“Am I one of you now?” Ophelia asked with a curt, tilt of her head.
“Don’t be ridiculous,” the man she knew as death scoffed and finally pulled her out of the carriage. “You’ll never be welcome here,” he said.
“Then why…” Ophelia’s question lingered on the tip of her tongue. The man spared no time leading her towards the castle by the shackles around her wrists. She winced as they nicked her thin skin. “Forget it,” she said. “Is this place not your home? Is that why you cannot welcome me?”
He paused. Behind them, a trail of footsteps had created dented marks in the fresh soil; some of boots, some of feet. “We kidnapped you, woman!” He turned towards her with an angry motion of his arm that sliced the air in two. “Why would you even want to be welcome by us? Are you mad?”

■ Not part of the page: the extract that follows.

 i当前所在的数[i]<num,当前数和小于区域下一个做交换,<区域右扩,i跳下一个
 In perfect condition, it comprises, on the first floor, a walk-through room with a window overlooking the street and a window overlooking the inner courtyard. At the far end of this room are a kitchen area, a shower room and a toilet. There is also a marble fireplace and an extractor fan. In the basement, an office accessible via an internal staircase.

“Kidnapped?” Ophelia said the word as if it was the first time she had ever heard it. “You helped me,”—she reached out for his hands and gave them both a tiny squeeze—“I wish for us to be friends, um...” Ophelia averted her gaze. The fog she stared into reminded her of her own—and current—mental ordeal.

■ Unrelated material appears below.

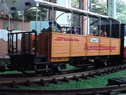 0:12 An LGB Norfolk and Western Hopper Car pulled by our LGB Track Cleaner and a log train pulled by our LGB Furka-Oberalp Switcher pass by, the latter under a rather rediculously placed tunnel. Watch

“Kris,” the man supplied; he shook off her touch until it was faint, faded entirely, and the only thing which remained for him to do was march forward—always forward—without ever stopping once. The light disappeared from the horizon. He pulled on the chains that connected the shackles which surrounded Ophelia’s wrists.
When Ophelia glanced back at the castle, it had gotten bigger, and bigger. And, as they approached, she felt a certain sense of nostalgia once the last of the torchbearers disappeared behind the tall walls of impenetrable stone.
Images of a distant past clouded her mind—but it was too late now, too late to remember as her memories were once again blown away by the words of another. “My father desires to see you,” Kris said. “Do not even think of angering him.”
I wasn’t thinking of that at all, Ophelia wanted to say; though the phrase was soon lost to the night once her eyes found a familiar face amidst the crowd before them.
She gasped.
Elian.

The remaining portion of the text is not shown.